If real-time behavior is important and the network is known to be unreliable, the UDP protocol is a better alternative to TCP for audio streaming. With UDP, packet loss will manifest itself as audio dropouts, but that may be preferable to excessive pauses and jitter in case of TCP.
4. RTP protocol with Voicegain extensions
RTP is a standard protocol for audio streaming over UDP. However, RTP itself is is generally not sufficient and is normally used with accompanying RTP Control Protocol (RTCP). Voicegain has implemented its own variation of RTCP that can be used to control RTP audio streams sent to the recognizer.
Currently, the only way to to stream audio using RTP to Voicegain platform is to use our proprietary Audio Sender Java library. We also provide Audio Sender Daemon that is capable of reading data directly from audio devices and streaming it to Voicegain for real time transcription.
If you are looking to invoke Speech-to-text in a contact center, Voicegain offers Telephony Bot APIs. You can read more about them here. Essentially the Voicegain platform can act as a SIP endpoint and can be invited into a SIP session. We can do two things 1) As part of an IVR or Bot, play prompts and gather caller input 2) As part of a real-time agent assist, we can listen & transcribe the agent-caller interaction.
To elaborate on (1), with these APIs you can invite the Voicegain platform into a SIP session which provides Voicegain Speech-to-Text engine access to the audio. Once the audio stream gets established, you can issue commands to recognize call utterances and receive the recognition response using our web callbacks. You can write the logic of your application using any programming language or an NLU Engine of your choice - all that is needed is being able to handle HTTP requests and send responses.
Voicegain platform in this scenario essentially acts as a 'mouth' and an 'ear' to the entire conversation which happens over SIP/RTP. The application can issue JSON commands over HTTP that play prompts and convert caller speech into text through the entire duration of the call over a single session.

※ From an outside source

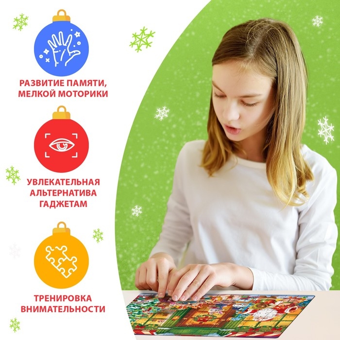Пазл с новогодним сюжетом — то, что нужно для полезного и интересного досуга! Такой подарок поможет ребёнку скрасить ожидание Нового года, а также потренировать мелкую моторику, внимательность, логическое мышление и память.

You can also record the entire conversation if the call is transferred to a live agent and transcribe into text.
Contact center platform vendors like Cisco, Genesys, Avaya and FreeSWITCH based CCaaS platforms usually support MRCP to connect to Speech Recognition engines. Voicegain supports access over MRCP to both large vocabulary and grammar based speech recognition. We recommend MRCP only for Edge, Private Cloud or On-premise deployments
In Contact Centers, for real-time transcription of the agent caller interaction, Voicegain supports SIPREC. Further information is provided here.
Additional protocols coming soon
Voicegain is looking to add support for WebRTC soon.